Your copy of the entries below should hold exactly the lines from the one containing "First I blended" to the one containing "Vintage Polka Dot", inclusive, and no pictures.

───── Entries supplied ─────

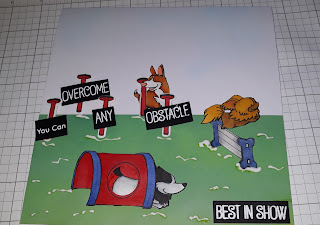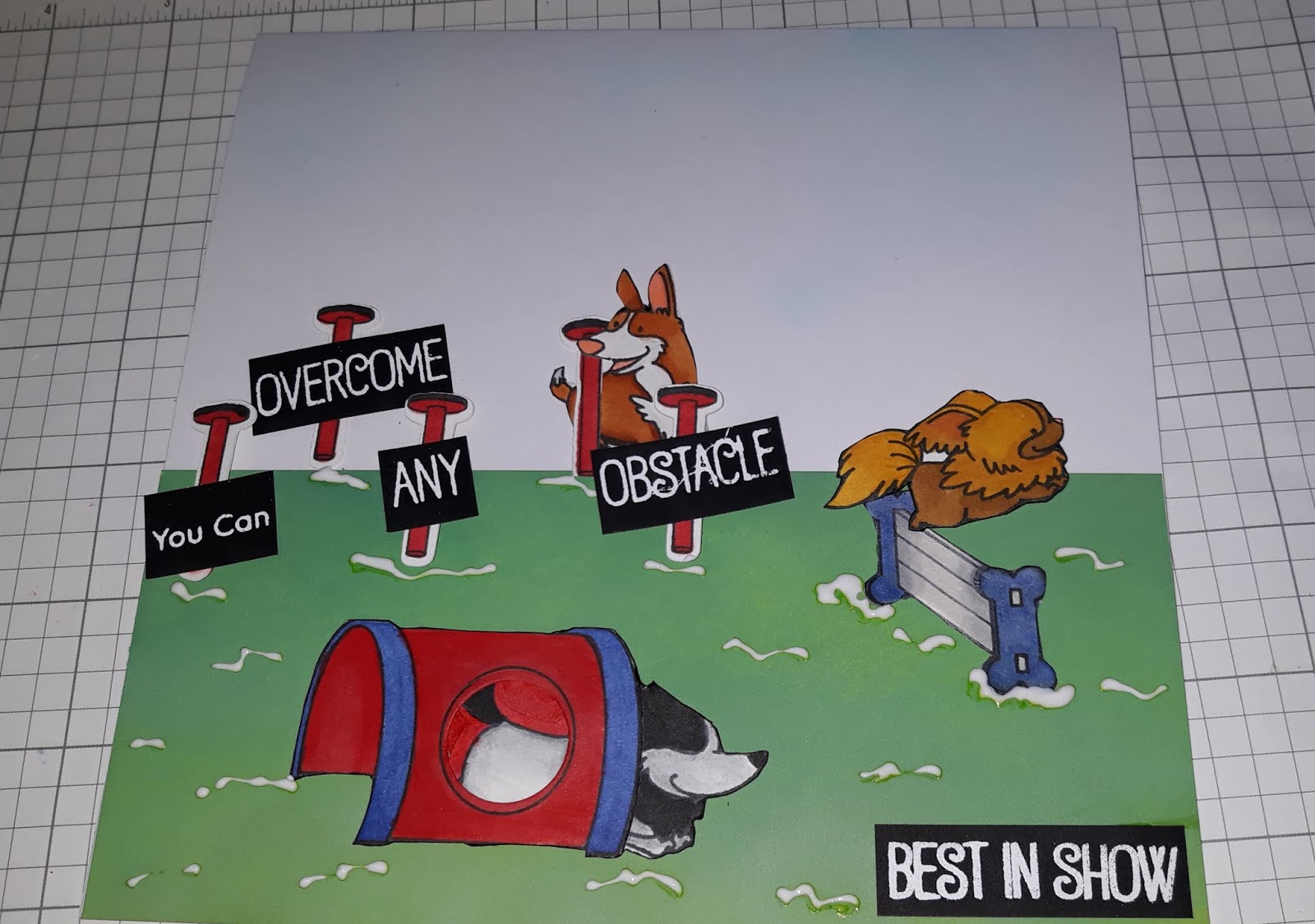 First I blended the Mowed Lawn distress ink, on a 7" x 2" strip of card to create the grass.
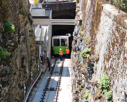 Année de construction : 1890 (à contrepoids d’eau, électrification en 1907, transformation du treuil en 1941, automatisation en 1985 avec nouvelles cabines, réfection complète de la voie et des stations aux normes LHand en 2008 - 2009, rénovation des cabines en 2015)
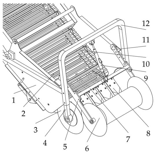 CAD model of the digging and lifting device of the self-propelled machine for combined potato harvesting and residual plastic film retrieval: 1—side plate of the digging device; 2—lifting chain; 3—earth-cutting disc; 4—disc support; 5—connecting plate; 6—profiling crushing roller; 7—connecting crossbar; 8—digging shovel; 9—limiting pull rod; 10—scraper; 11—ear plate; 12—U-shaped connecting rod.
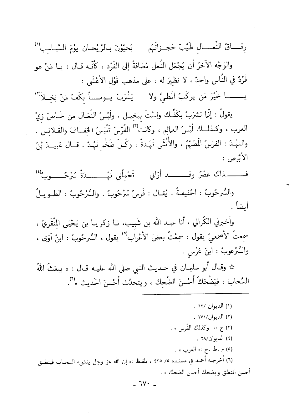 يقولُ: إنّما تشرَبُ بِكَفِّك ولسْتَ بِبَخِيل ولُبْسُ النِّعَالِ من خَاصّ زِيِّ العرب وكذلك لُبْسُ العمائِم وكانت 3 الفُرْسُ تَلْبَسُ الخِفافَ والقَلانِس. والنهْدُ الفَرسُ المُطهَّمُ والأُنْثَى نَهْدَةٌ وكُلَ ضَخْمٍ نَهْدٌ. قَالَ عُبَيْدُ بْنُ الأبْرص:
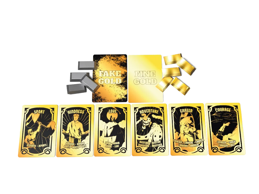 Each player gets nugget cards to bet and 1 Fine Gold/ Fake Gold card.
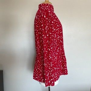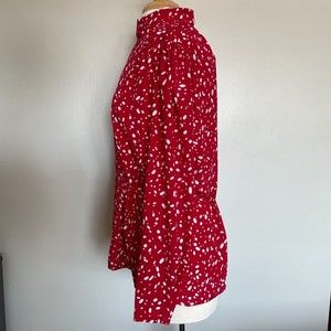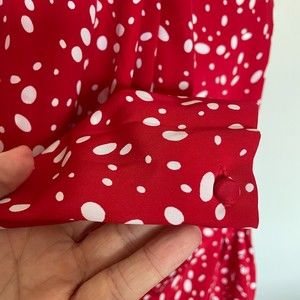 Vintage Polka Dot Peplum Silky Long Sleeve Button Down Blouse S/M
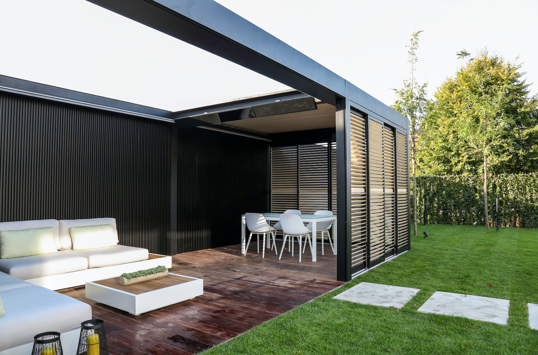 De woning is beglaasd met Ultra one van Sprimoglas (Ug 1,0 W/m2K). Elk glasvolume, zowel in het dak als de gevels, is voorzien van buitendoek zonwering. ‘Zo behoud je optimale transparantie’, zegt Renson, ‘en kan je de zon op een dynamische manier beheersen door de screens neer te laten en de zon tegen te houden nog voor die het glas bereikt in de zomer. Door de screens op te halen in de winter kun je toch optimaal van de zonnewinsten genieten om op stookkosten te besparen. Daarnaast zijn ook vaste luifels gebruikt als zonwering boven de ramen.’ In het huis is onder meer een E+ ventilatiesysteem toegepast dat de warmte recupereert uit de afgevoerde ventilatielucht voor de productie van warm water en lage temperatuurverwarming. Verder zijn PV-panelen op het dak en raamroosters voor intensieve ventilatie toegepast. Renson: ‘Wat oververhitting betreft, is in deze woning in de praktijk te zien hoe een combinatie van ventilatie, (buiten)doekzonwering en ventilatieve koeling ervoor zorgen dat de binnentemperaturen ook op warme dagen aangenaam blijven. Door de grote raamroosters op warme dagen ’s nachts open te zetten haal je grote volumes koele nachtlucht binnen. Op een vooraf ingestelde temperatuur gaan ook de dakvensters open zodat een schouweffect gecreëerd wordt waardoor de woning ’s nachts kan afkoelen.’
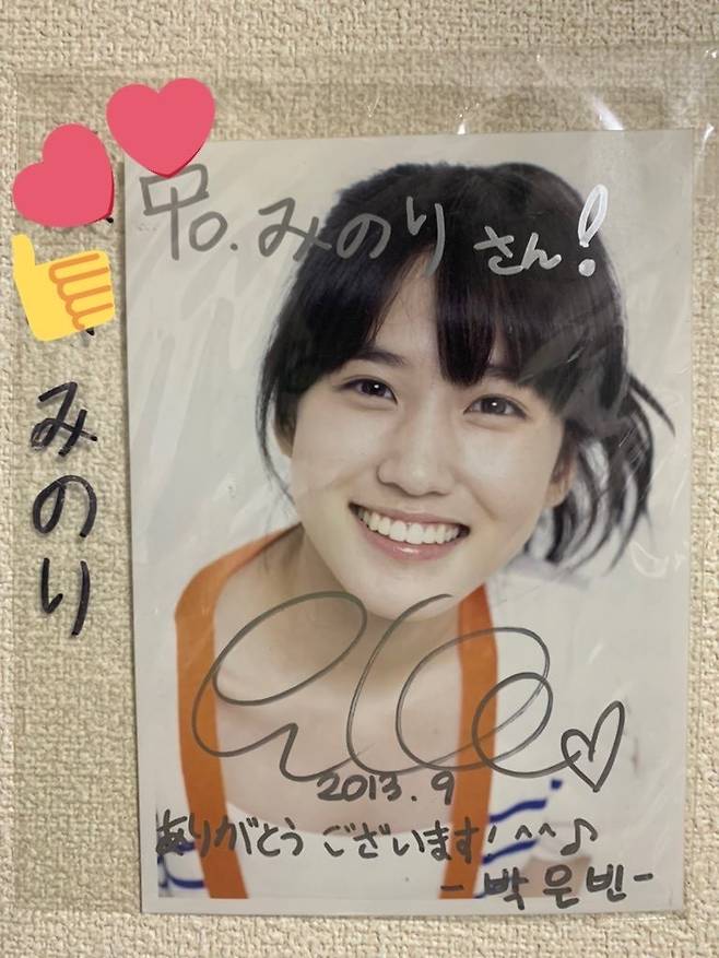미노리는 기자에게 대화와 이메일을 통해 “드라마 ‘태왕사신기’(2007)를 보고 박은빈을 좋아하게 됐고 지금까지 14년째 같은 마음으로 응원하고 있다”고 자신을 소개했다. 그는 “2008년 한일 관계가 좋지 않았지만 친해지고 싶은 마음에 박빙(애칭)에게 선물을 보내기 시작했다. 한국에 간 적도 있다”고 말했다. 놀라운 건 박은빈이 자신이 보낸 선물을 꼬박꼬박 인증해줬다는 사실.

─────
───── Entries supplied ─────

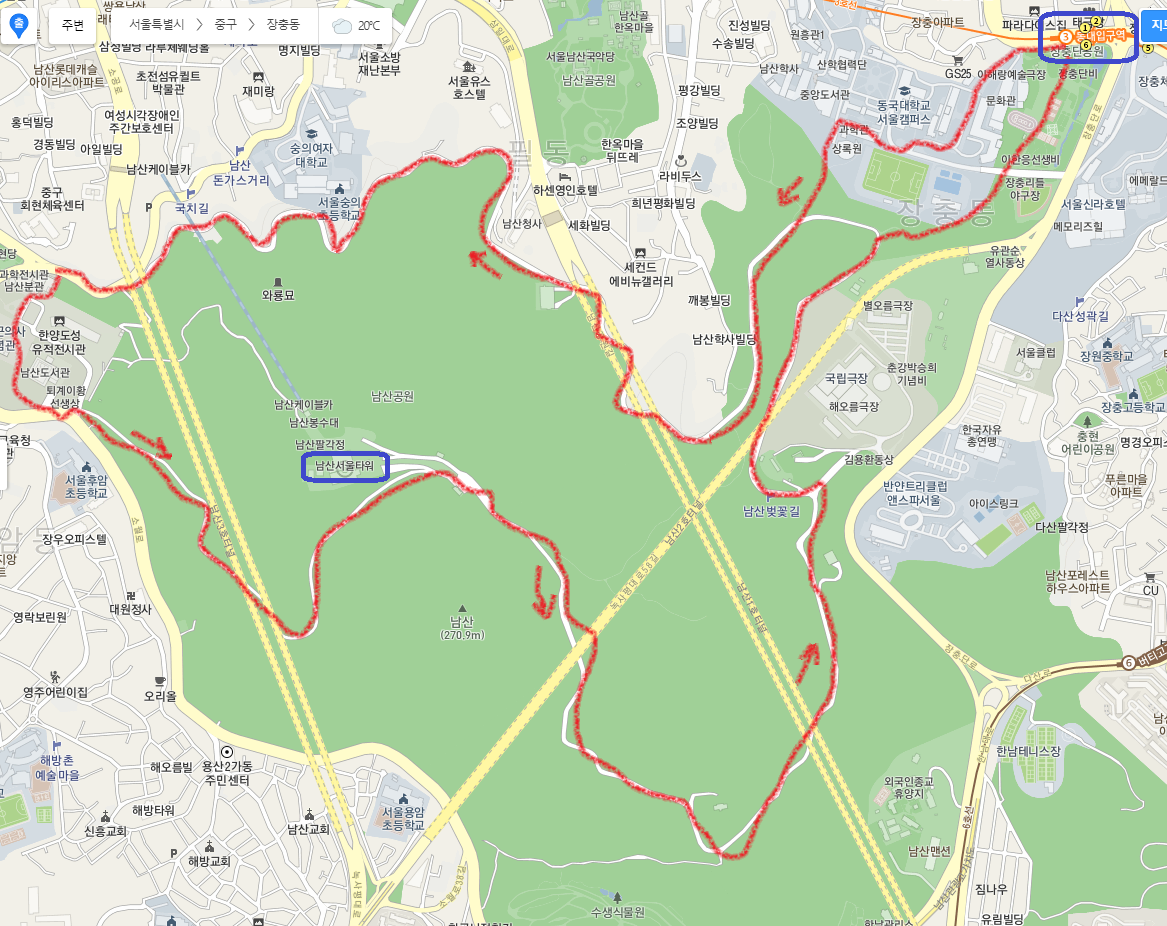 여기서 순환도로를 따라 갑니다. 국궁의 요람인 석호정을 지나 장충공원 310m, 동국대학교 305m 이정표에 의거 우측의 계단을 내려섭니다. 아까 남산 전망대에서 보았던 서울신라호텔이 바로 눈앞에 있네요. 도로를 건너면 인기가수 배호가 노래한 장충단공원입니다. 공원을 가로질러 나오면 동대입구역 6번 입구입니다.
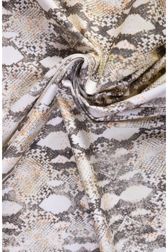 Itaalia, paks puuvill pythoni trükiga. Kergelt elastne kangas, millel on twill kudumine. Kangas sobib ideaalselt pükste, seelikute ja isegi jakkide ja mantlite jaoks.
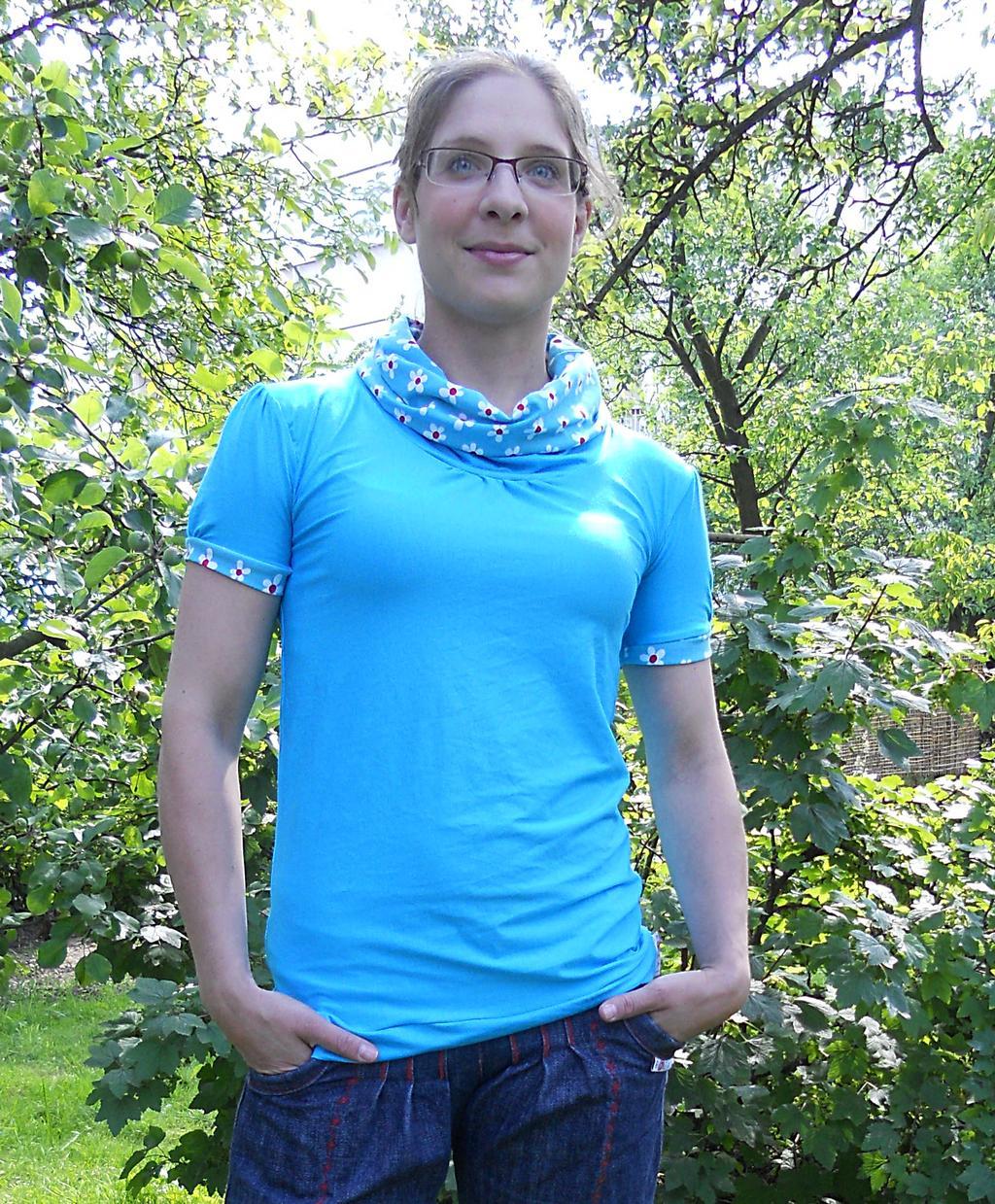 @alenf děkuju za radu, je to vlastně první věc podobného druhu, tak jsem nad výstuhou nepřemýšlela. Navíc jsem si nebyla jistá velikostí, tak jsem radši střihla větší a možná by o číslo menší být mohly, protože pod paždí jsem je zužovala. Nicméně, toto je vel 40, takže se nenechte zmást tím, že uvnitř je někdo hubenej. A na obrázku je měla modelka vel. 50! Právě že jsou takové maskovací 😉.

─────
───── Entries supplied ─────

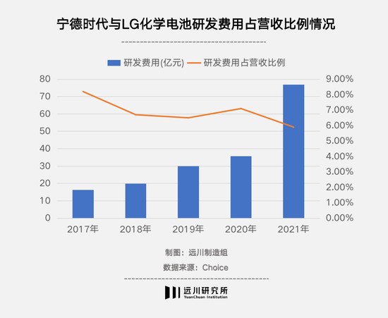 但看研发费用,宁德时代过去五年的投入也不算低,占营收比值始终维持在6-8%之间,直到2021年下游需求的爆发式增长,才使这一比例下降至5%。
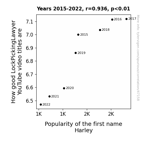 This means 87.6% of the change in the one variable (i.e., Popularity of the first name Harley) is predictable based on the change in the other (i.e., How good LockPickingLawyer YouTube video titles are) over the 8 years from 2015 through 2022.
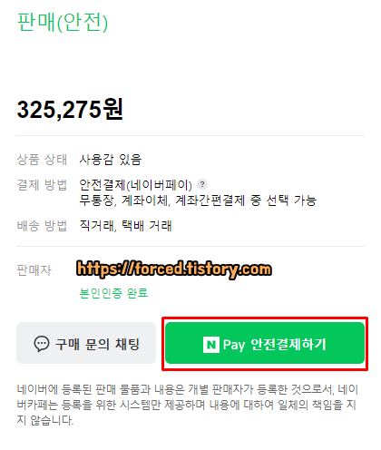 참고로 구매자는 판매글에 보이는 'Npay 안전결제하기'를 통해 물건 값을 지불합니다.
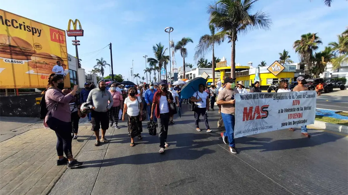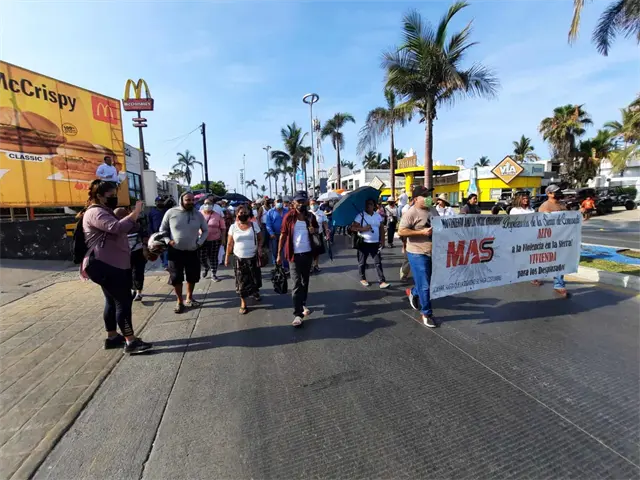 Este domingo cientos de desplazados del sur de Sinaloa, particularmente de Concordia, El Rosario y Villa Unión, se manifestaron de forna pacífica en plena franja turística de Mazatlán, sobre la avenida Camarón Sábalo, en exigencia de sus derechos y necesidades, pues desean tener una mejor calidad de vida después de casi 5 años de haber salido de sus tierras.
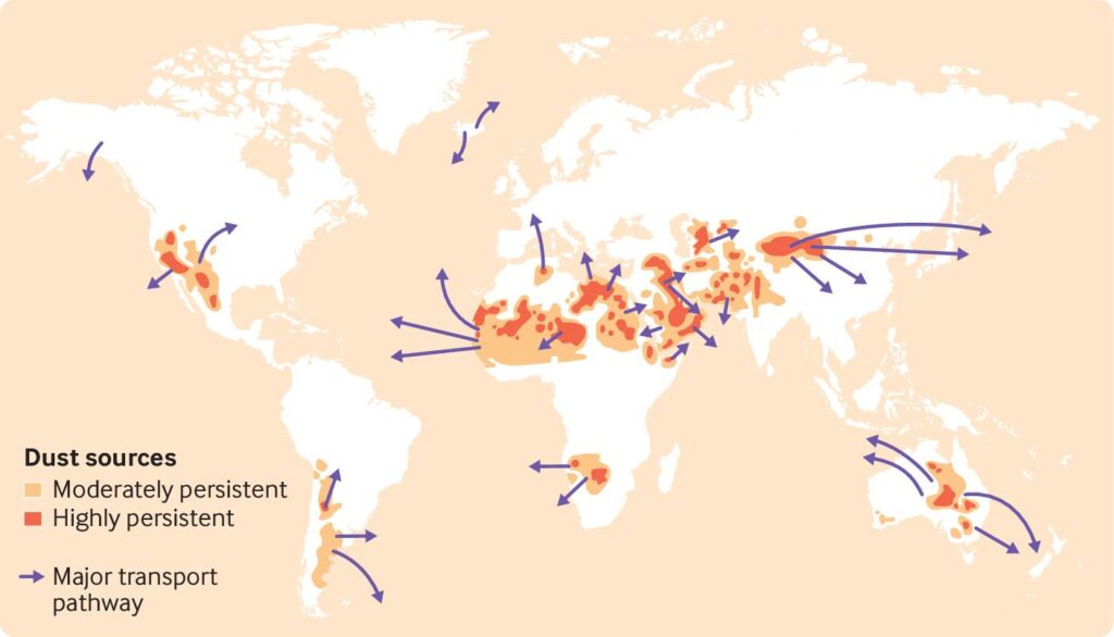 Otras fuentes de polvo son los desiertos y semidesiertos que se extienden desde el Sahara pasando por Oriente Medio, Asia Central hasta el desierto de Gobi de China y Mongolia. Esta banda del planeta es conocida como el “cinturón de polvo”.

─────

* [Task answer]
 First I blended the Mowed Lawn distress ink, on a 7" x 2" strip of card to create the grass.
 Année de construction : 1890 (à contrepoids d’eau, électrification en 1907, transformation du treuil en 1941, automatisation en 1985 avec nouvelles cabines, réfection complète de la voie et des stations aux normes LHand en 2008 - 2009, rénovation des cabines en 2015)
 CAD model of the digging and lifting device of the self-propelled machine for combined potato harvesting and residual plastic film retrieval: 1—side plate of the digging device; 2—lifting chain; 3—earth-cutting disc; 4—disc support; 5—connecting plate; 6—profiling crushing roller; 7—connecting crossbar; 8—digging shovel; 9—limiting pull rod; 10—scraper; 11—ear plate; 12—U-shaped connecting rod.
 يقولُ: إنّما تشرَبُ بِكَفِّك ولسْتَ بِبَخِيل ولُبْسُ النِّعَالِ من خَاصّ زِيِّ العرب وكذلك لُبْسُ العمائِم وكانت 3 الفُرْسُ تَلْبَسُ الخِفافَ والقَلانِس. والنهْدُ الفَرسُ المُطهَّمُ والأُنْثَى نَهْدَةٌ وكُلَ ضَخْمٍ نَهْدٌ. قَالَ عُبَيْدُ بْنُ الأبْرص:
 Each player gets nugget cards to bet and 1 Fine Gold/ Fake Gold card.
 Vintage Polka Dot Peplum Silky Long Sleeve Button Down Blouse S/M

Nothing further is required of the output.